DiGTF: A Difference-Guided Two-Stage Fusion Framework for Multimodal Sentiment Analysis

Hui Liu, Minghua Nuo, Rui Li, Chengyi Zhou

Published: 2025, Last Modified: 24 Apr 2026NLPCC (3) 2025EveryoneRevisionsBibTeXCC BY-SA 4.0

Abstract: Multimodal Sentiment Analysis (MSA) aims to understand human emotions by combining information from different modalities. Despite recent advances, existing methods often struggle to effectively leverage task-relevant signals from non-verbal modalities, particularly in scenarios where textual semantics are ambiguous or incomplete. To address this issue, we propose DiGTF, a Difference-Guided Two-Stage Fusion Framework that enhances textual representations by integrating refined audio and video features. First, we introduce Disentangled Irrelevance Removal (DIR), which employs a dual cross-attention mechanism to disentangle audio-video representations into modality-invariant, sentiment-relevant, and task-irrelevant components, preserving the sentiment-relevant features.

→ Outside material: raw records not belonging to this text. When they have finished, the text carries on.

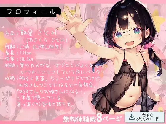 | ジャンル | メガネ 父 中出し 近親もの 口内射精 貧乳/微乳 処女 |
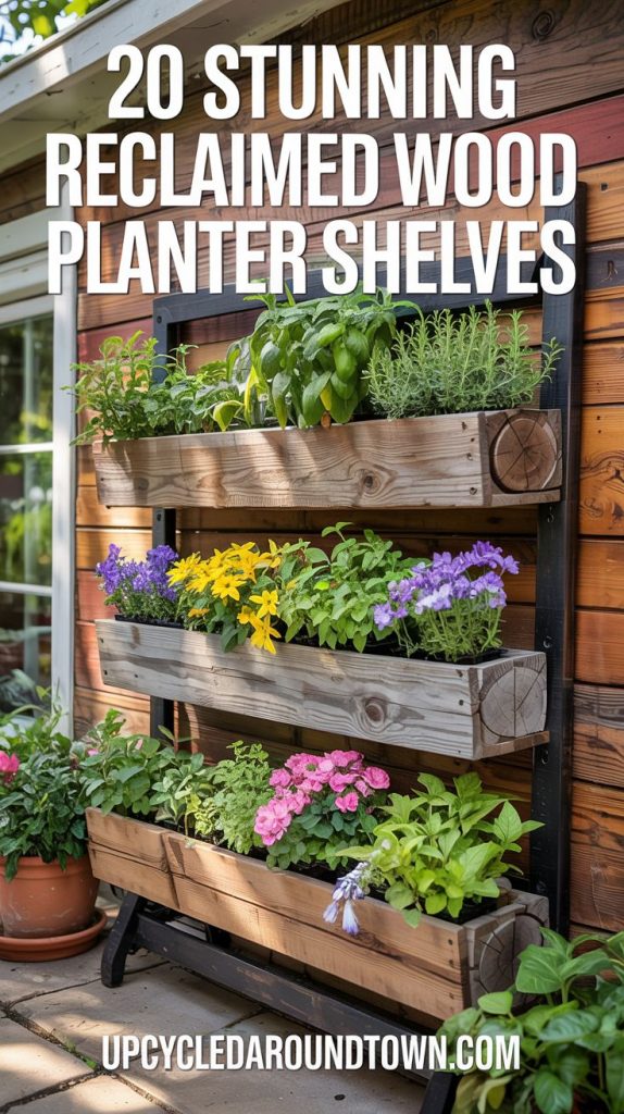 Reclaimed wood shelves are not just functional; they bring a unique charm to any space. The image showcases a variety of reclaimed wood planter shelves, each with its own character. The warm tones of the wood combined with the greenery from the potted plants create a welcoming vibe.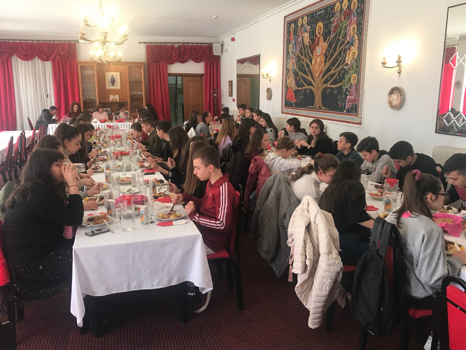 Τέλος ακολούθησε γεύμα για τους μαθητές όπου ο Πρωτοπρεσβύτερος π. Κυριάκος Κοκελίδη μετέφερε τις ευλογίες του Σεβασμιωτάτου Ποιμενάρχη κ. Γεωργίου και έδωσε στα παιδιά μια εικόνα του Αγίου Ενδόξου Ιερομάρτυρος Μελετίου, Επισκόπου Κίτρους ως ενθύμιο της επίσκεψής τους στην Ιερά Μητρόπολη Κίτρους και τους ευχήθηκε καλή πρόοδο, δύναμη και υγεία.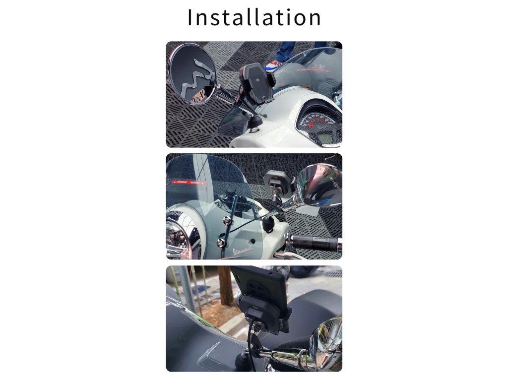 Jedná se o dokonalé a nejčistší řešení pro montáž na skútry, které mají kapotáž na řídítkách. Ideální pro skútry Vespa a jiné podobné stroje či montáž na zrcátka jakékoli jiné motorky s průměrem trubky zrcátka 10-12mm.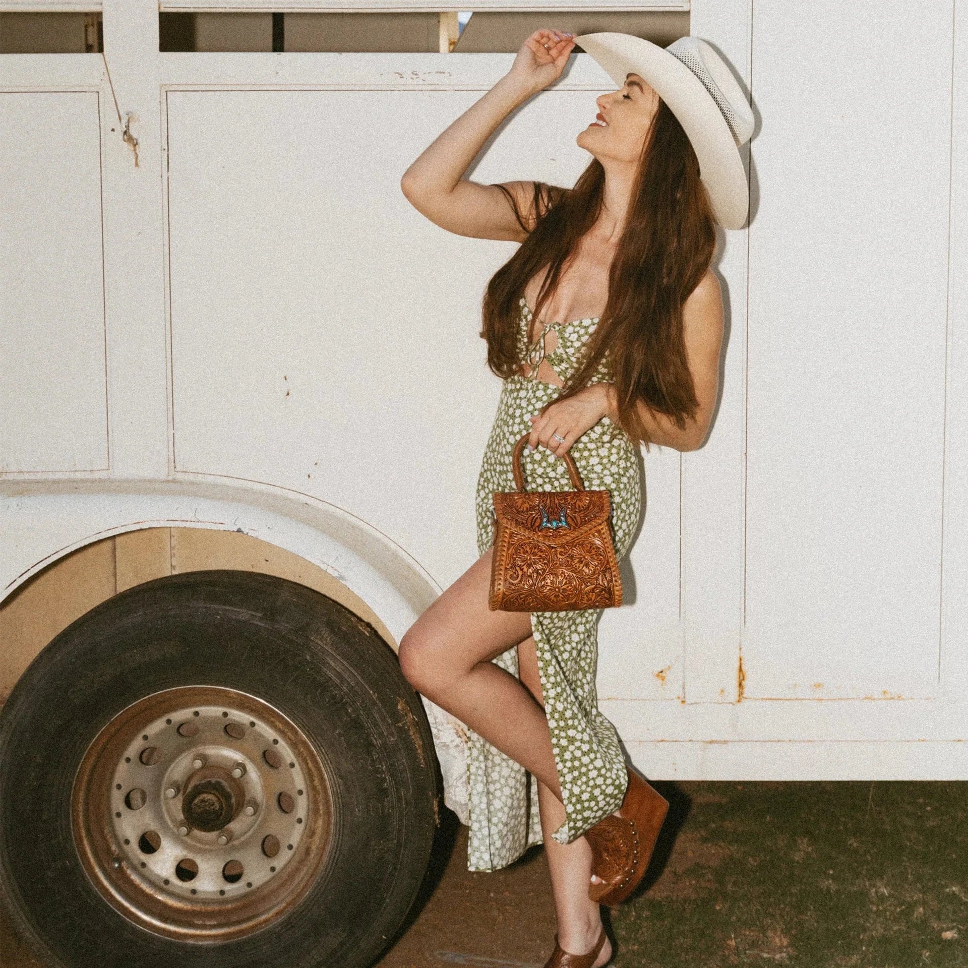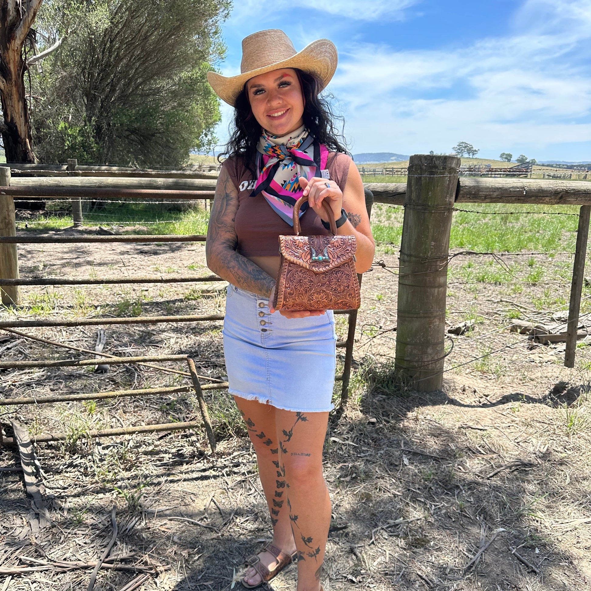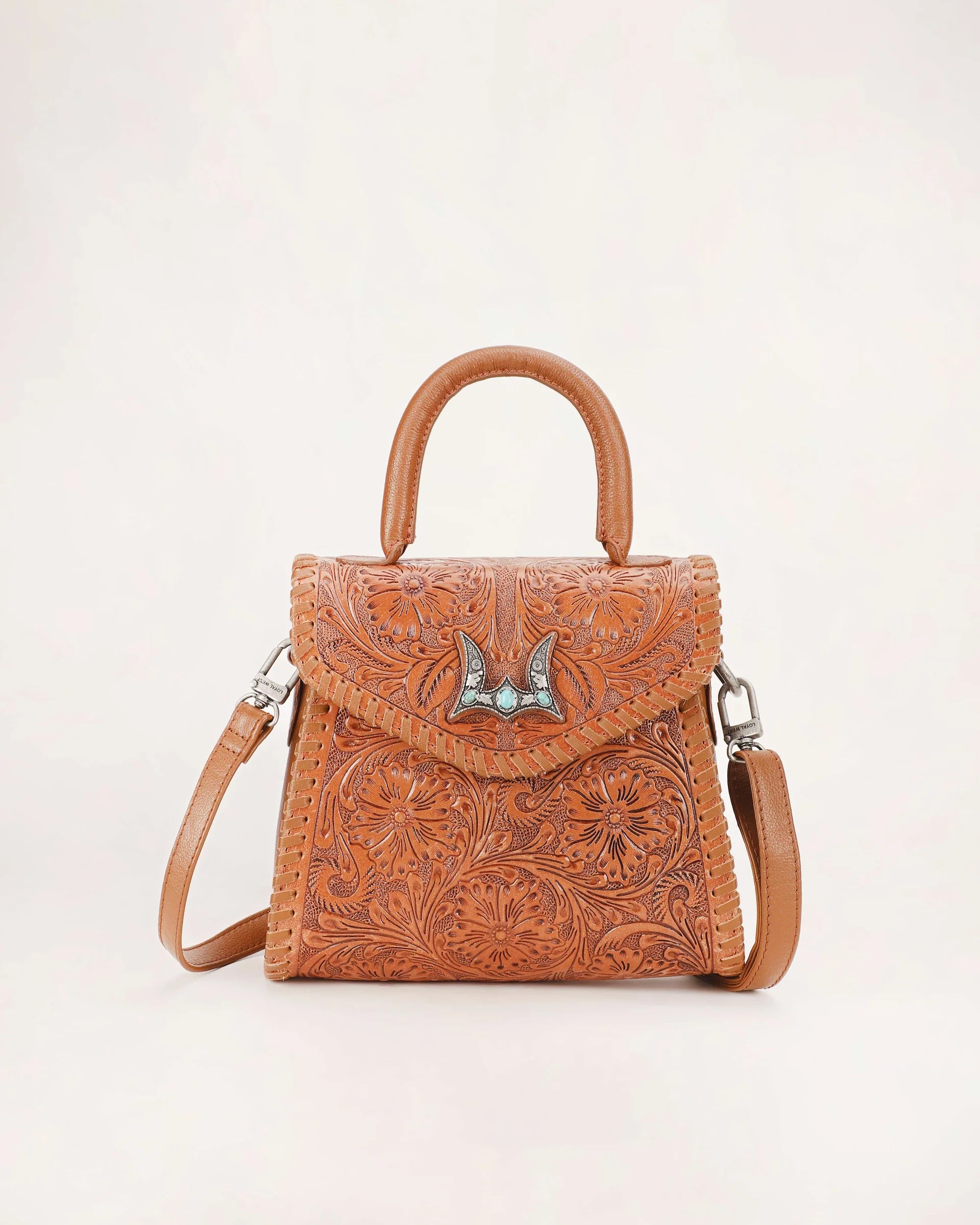 The Leon Mini Handle Purse is a beautifully crafted shoulder bag made from rich handtooled leather and soft calfskin. The intricate tooling on the leather adds a unique, artisanal touch, while the smooth calfskin enhances the bag’s refined appeal.

Then, we design a two-stage fusion strategy to enhance semantic representations. The first stage, Difference-Guided Fusion (DGF) adaptively incorporates cross-modal differences that align with sentiment cues into the textual features. The second stage, Multi-View Fusion (MVF) leverages a cross-scale attention mechanism to integrate the diverse fused representations and capture complex emotional patterns. Extensive experiments on three benchmark MSA datasets CMU-MOSI, CMU-MOSEI, and CH-SIMS demonstrate that DiGTF achieves outstanding performance.